Exercise objective:
Print nothing but the lines from the start of the listing below through the line that contains "Place 3 lasagne". Do not include the pictures.

Stored data:
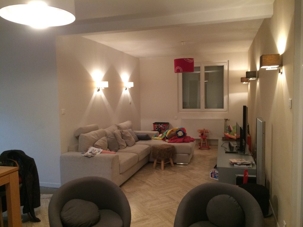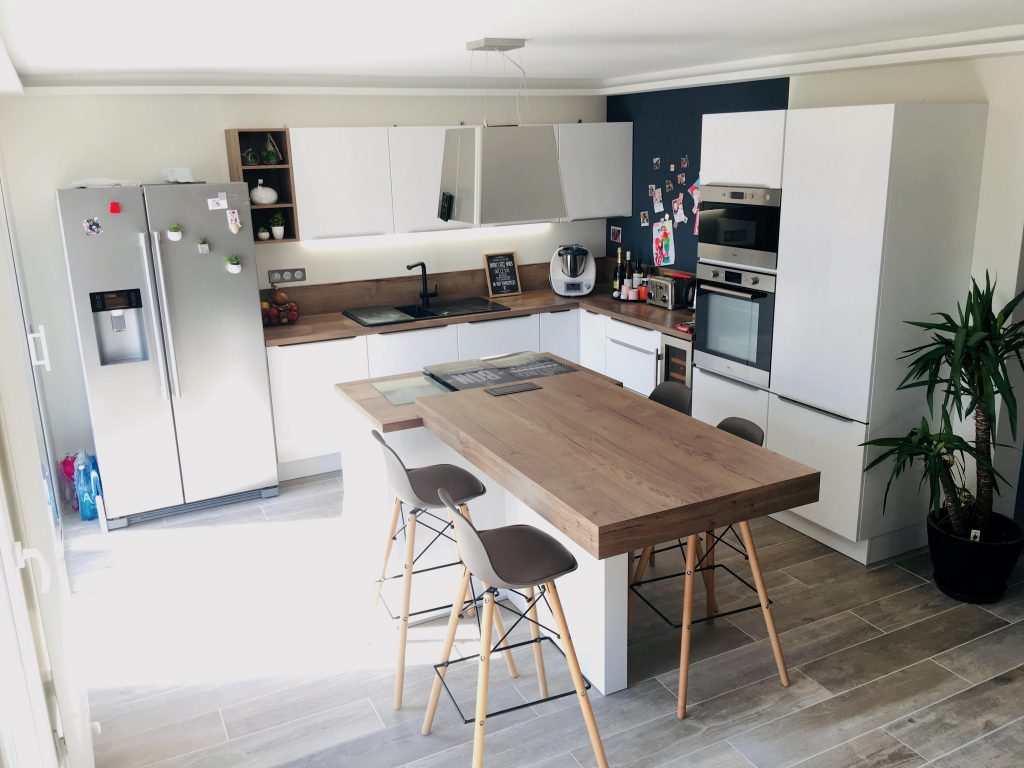Un point important de cette aménagement était le travail de la lumière, car aillant l'espace de vie du côté Nord, le ressentit était particulièrement froid et sombre. En réponse à cette problématique, nous avons choisis d'ouvrir la cuisine sur un mur complet afin d'intégrer un espace repas, ce qui nous à permis de fermer la porte d'accès à la cuisine qui donnait au milieu du séjour. L'espace de circulation dédié uniquement à une montée d'escalier était maintenant intégrer à l'espace cuisine, ce qui à redonné du volume à cette pièce anciennement étroite, et a permis à la lumière de traverser les différentes pièces du rez-de-chaussé.
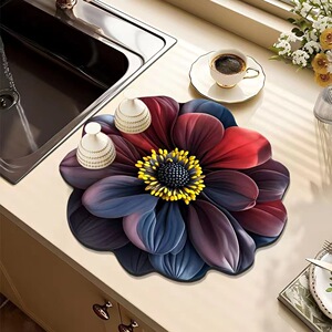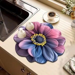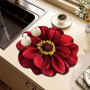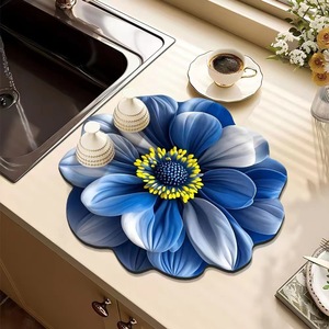新しい3d花の水たまりの台所のテーブルの食器の乾燥のマットのコースターの吸水のマットは洗濯しないでテーブルのマットを拭くことができます。
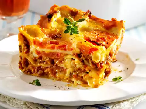 Place 3 lasagne plates on top. Spread half of the mince on top. Place 1/3 of the tomato slices on top, spread with béchamel sauce and cover with 3 lasagne sheets. Repeat the process and finish with a layer of lasagne sheets and the rest of the sauce.
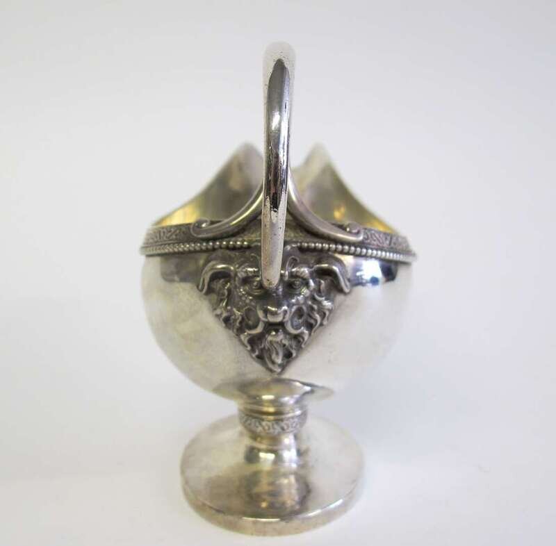 Typical form with beaded edge and scroll motif band to rim and neck, scroll-form handle with mythological mask below, monogrammed.

Your response:
Un point important de cette aménagement était le travail de la lumière, car aillant l'espace de vie du côté Nord, le ressentit était particulièrement froid et sombre. En réponse à cette problématique, nous avons choisis d'ouvrir la cuisine sur un mur complet afin d'intégrer un espace repas, ce qui nous à permis de fermer la porte d'accès à la cuisine qui donnait au milieu du séjour. L'espace de circulation dédié uniquement à une montée d'escalier était maintenant intégrer à l'espace cuisine, ce qui à redonné du volume à cette pièce anciennement étroite, et a permis à la lumière de traverser les différentes pièces du rez-de-chaussé.
新しい3d花の水たまりの台所のテーブルの食器の乾燥のマットのコースターの吸水のマットは洗濯しないでテーブルのマットを拭くことができます。
 Place 3 lasagne plates on top. Spread half of the mince on top. Place 1/3 of the tomato slices on top, spread with béchamel sauce and cover with 3 lasagne sheets. Repeat the process and finish with a layer of lasagne sheets and the rest of the sauce.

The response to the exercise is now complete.